Один на один с детьми. Трое маленьких сирот. Они устроились бы на большой кровати все вместе. У них уже бывало так, в той дурацкой полуподвальной квартирке, которую он снял на бульваре Сомали. Перекантоваться, так сказать. Вонь прелого ковролина, жареной китайской еды и бензина. Гаэ купил два мороженых, дал им. Мороженые текли, потому что холодильник был такой, какой был.

«Забирайтесь сюда, на кровать, к папе».

Так они и просидели, неудобно, без подушек под спинами. У Нико полмороженого упало на покрывало. Он хотел писать, но не просился. Гаэ понес подержать его над унитазом уже полностью мокрого. Поэтому все оставшееся время сушил феном его трусы. Стоял запах мочи. Казалось, что за ними следит ее призрак. Гаэ зажег сигарету, чтобы он сгорел.

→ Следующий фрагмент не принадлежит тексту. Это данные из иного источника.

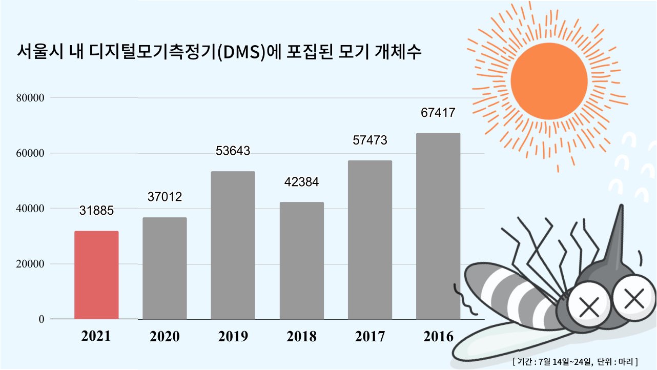 지난해 6월, 모기 활동 지수는 '100'까지 치솟았지만, 올해 6월에는 77.2가 최고치였습니다. 특히 6월 6일에는 27.4까지 떨어지는 등, 지난해와 비교해 확연한 차이를 보였습니다. 7월 10일에는 모기 활동 지수가 '0'을 기록하기도 했습니다. 이러한 모기 개체 수 감소는 지자체 방역 관련 민원 감소로도 이어졌습니다.

Если бы она умерла, никто ничем не попрекал бы его. Та же свекровь не сказала бы то, что сказала, когда он уходил: «Какой же ты безответственный, ни у тебя, ни у нее никакой ответственности». Кто бы такое говорил!


Делия тоже представляла себя вдовой.

Гаэ будто бы разбился на мотоцикле. Она тоже плакала, расстраивалась из-за всего того, что они вместе разрушили.

В ее фантазиях Гаэ снова оказывался тем замечательным парнем, в которого она когда-то влюбилась. Все трухлявые ветви, опутывавшие их, разом спадали, освобождали их, умирали вместе с ним.

Она представляла себе, как одевает детей на похороны. Маленькие синие пальтишки, подарок бабушки, гольфы, белые ноги, блестящие приглаженные волосы, словно они вышли из прошлого века. Люди молча прощаются и проходят. И только они втроем стоят у могилы, а ветер шевелит красные листья… Она, в черном платье (да, черная тонкая лакрица), бросается на землю. О, как она любила его и скучает по его губам и просит у него прощения за все, за все!

Она занялась бы с Гаэ безумной любовью, до острых воспоминаний о том, как прежде. До содроганий в пустоте. Высшее проявление чувств, на уровне первого обета.


Они не занимались больше любовью. Сама мысль об этом была уже невыносима. Физическая борьба двух жестких тел. Чуть ли не насилие.

Делия как-то сказала ему, во время одной из последних встреч в постели (почему она не смолчала? К чему это всеобъемлющее желание высказать все? Почему она не догадалась, что такая откровенность излишня, она только озлобляет?):

«Как ты можешь не видеть, что ты сам по себе? Что ты трахаешься со стеной? Кто я для тебя, секция батареи для тепла?»

У нее вырвалась тогда эта мерзкая фраза:

«Ты меня изнасиловал».

Гаэ отпрянул от нее, как от ужалившей гадюки, в ужасе, когда яд уже проник внутрь и распространился. Набухшие вены, боль в глазах. Оскорбление. Больше чем оскорбление, выстрел в спину. Тому, кто даже не заслуживает встретиться со смертью в лицо.

Он ушел полуголый, натыкаясь на все по пути, как тень без тела, которое она должна сопровождать.